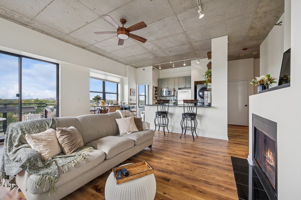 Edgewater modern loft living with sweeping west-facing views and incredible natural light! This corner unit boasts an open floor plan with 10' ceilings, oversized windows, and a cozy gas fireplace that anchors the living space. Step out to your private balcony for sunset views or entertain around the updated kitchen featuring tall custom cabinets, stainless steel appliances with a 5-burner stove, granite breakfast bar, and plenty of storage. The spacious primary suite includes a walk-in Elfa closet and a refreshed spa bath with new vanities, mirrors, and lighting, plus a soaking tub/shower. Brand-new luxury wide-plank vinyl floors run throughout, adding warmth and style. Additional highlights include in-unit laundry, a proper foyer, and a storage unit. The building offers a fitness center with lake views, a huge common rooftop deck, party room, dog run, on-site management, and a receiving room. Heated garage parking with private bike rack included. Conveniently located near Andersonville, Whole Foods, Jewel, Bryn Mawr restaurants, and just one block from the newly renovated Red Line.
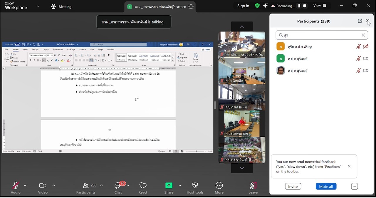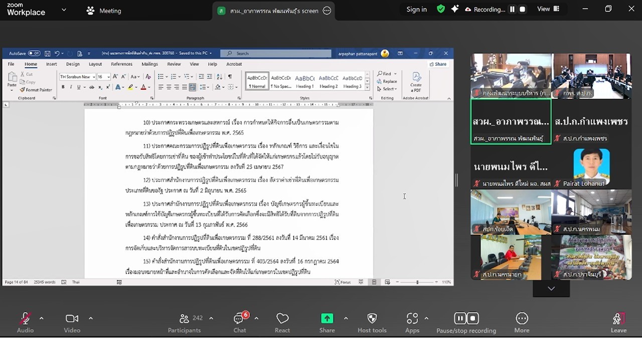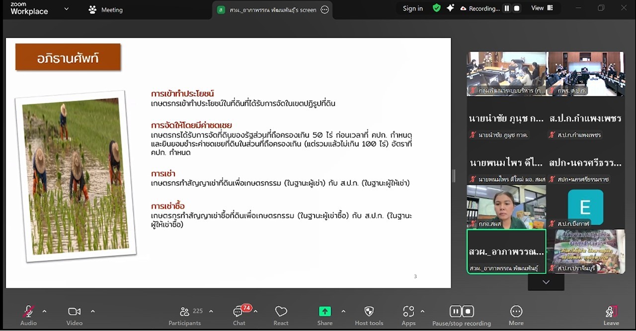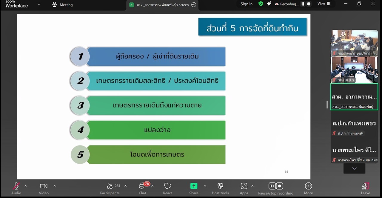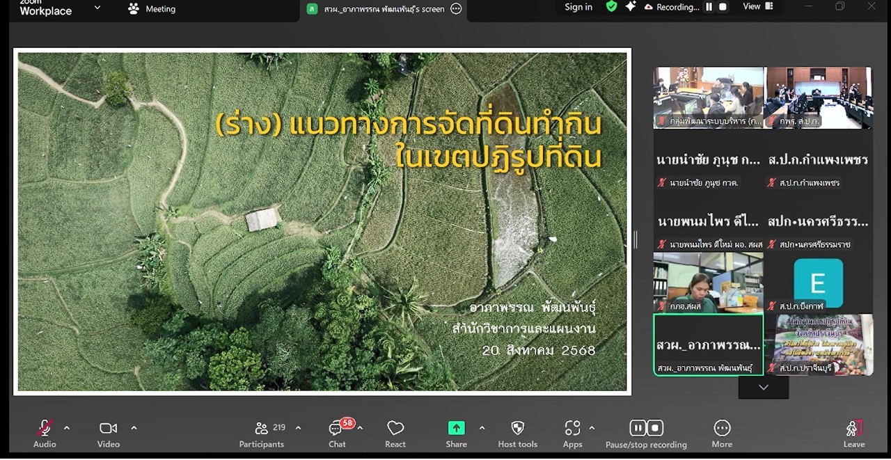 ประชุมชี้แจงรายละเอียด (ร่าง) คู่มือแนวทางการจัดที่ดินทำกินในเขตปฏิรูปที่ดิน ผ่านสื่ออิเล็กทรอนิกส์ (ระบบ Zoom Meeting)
____
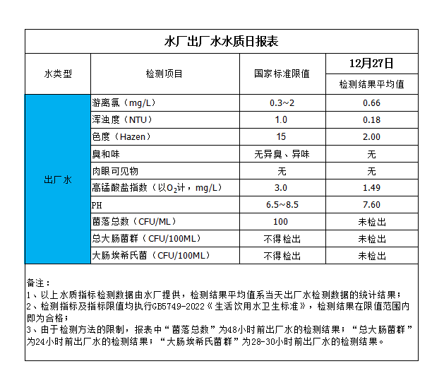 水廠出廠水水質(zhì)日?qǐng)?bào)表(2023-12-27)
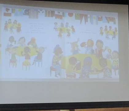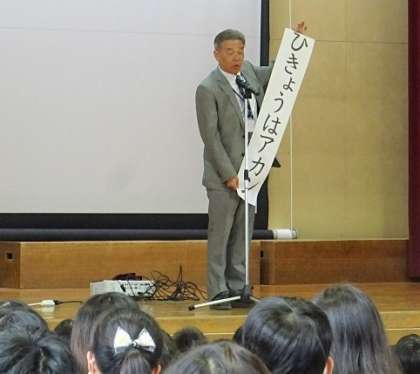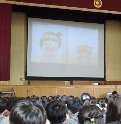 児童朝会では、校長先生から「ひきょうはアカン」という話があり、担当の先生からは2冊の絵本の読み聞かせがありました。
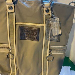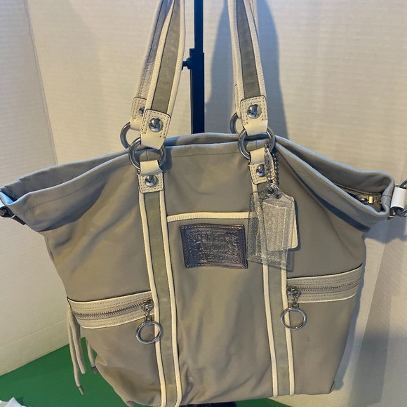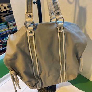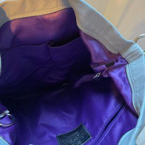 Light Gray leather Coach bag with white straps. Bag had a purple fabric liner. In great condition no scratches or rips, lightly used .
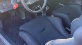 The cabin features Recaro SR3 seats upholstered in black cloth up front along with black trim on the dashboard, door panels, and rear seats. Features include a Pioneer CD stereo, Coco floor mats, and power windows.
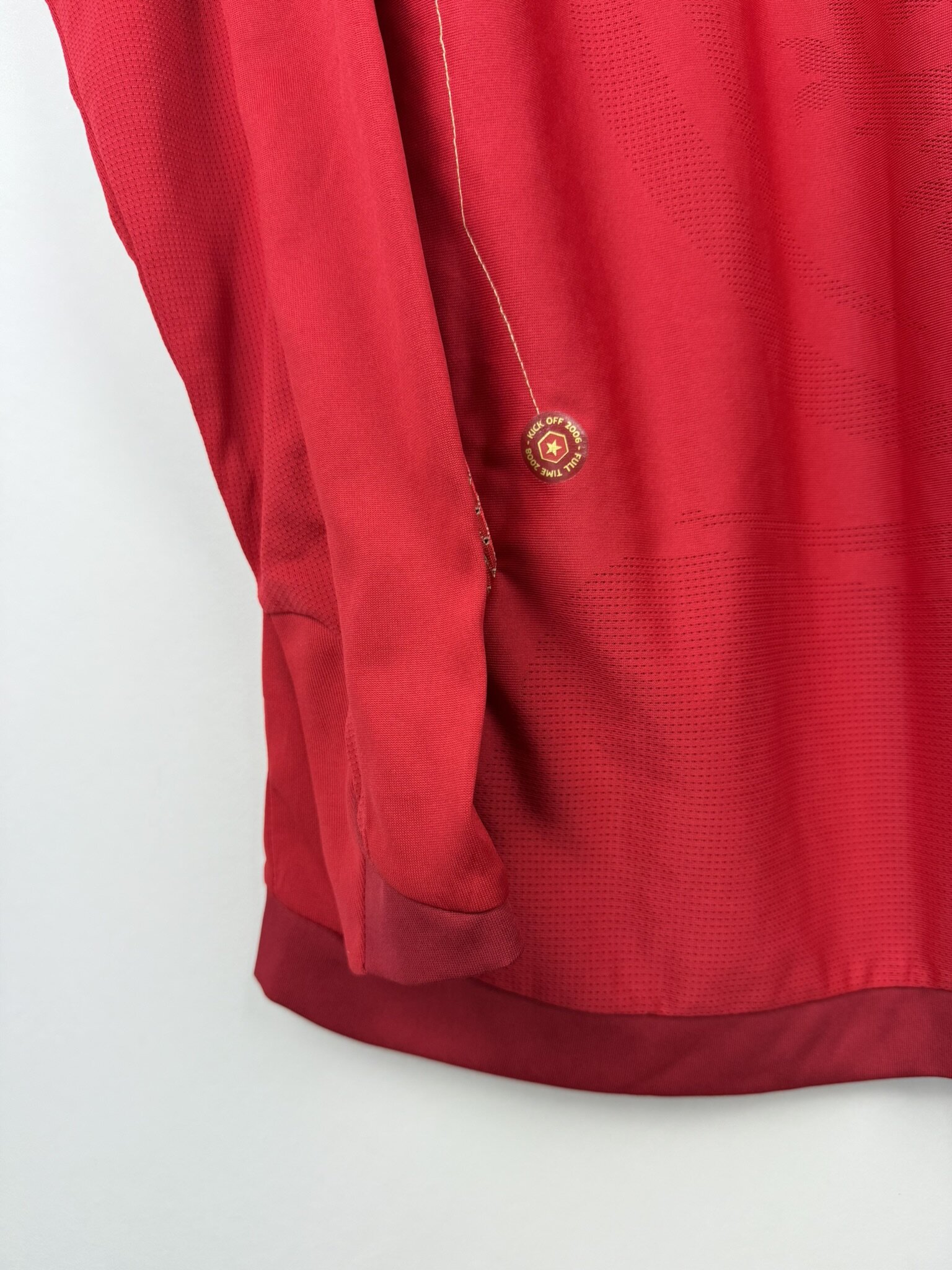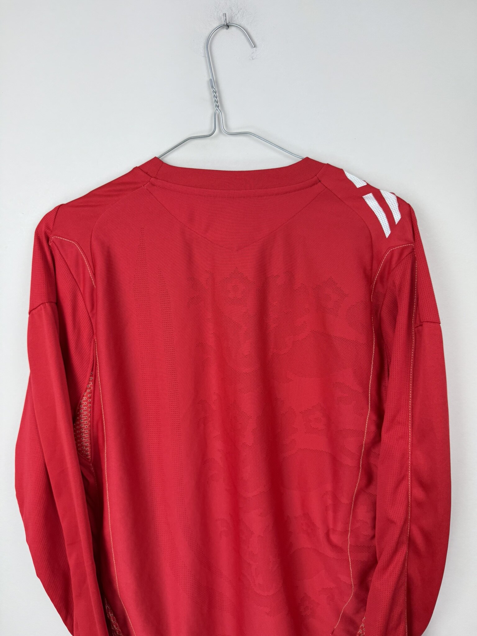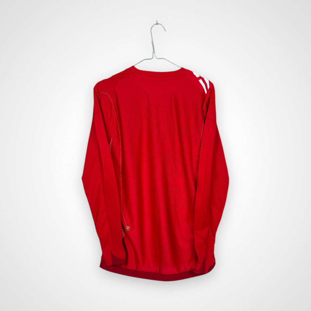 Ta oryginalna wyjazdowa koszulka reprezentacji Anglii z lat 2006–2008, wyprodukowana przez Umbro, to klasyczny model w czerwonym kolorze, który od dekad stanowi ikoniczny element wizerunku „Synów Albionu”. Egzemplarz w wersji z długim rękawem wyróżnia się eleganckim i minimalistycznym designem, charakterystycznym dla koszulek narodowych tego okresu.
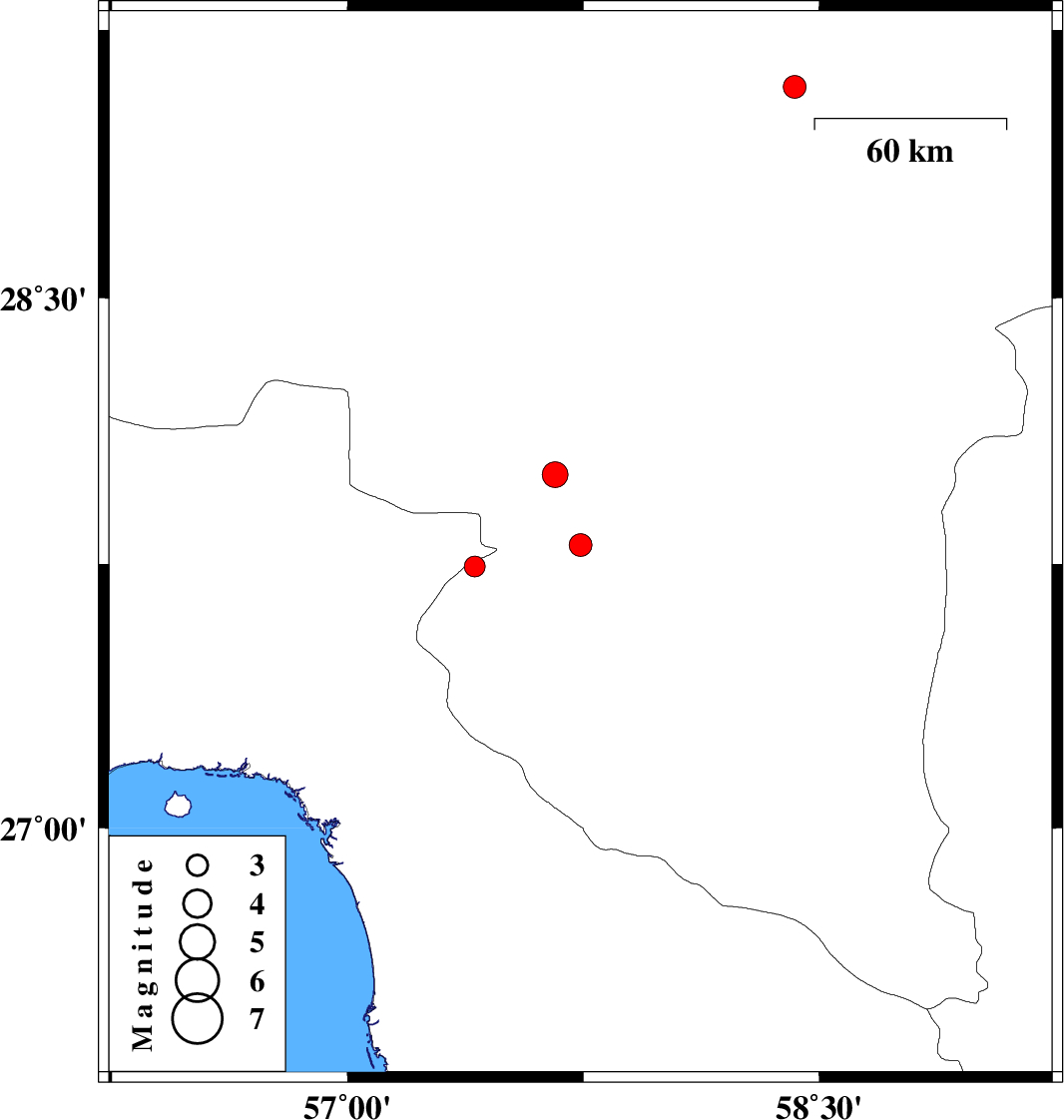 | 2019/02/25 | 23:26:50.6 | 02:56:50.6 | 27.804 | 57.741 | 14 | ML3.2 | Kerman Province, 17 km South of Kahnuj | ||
____
Your goal - Beginning at the line above that contains "Light Gray leather", repeat each line exactly through the one that contains "Kahnuj | ||", and leave out the pictures.

Written response -
 Light Gray leather Coach bag with white straps. Bag had a purple fabric liner. In great condition no scratches or rips, lightly used .
 The cabin features Recaro SR3 seats upholstered in black cloth up front along with black trim on the dashboard, door panels, and rear seats. Features include a Pioneer CD stereo, Coco floor mats, and power windows.
 Ta oryginalna wyjazdowa koszulka reprezentacji Anglii z lat 2006–2008, wyprodukowana przez Umbro, to klasyczny model w czerwonym kolorze, który od dekad stanowi ikoniczny element wizerunku „Synów Albionu”. Egzemplarz w wersji z długim rękawem wyróżnia się eleganckim i minimalistycznym designem, charakterystycznym dla koszulek narodowych tego okresu.
 | 2019/02/25 | 23:26:50.6 | 02:56:50.6 | 27.804 | 57.741 | 14 | ML3.2 | Kerman Province, 17 km South of Kahnuj | ||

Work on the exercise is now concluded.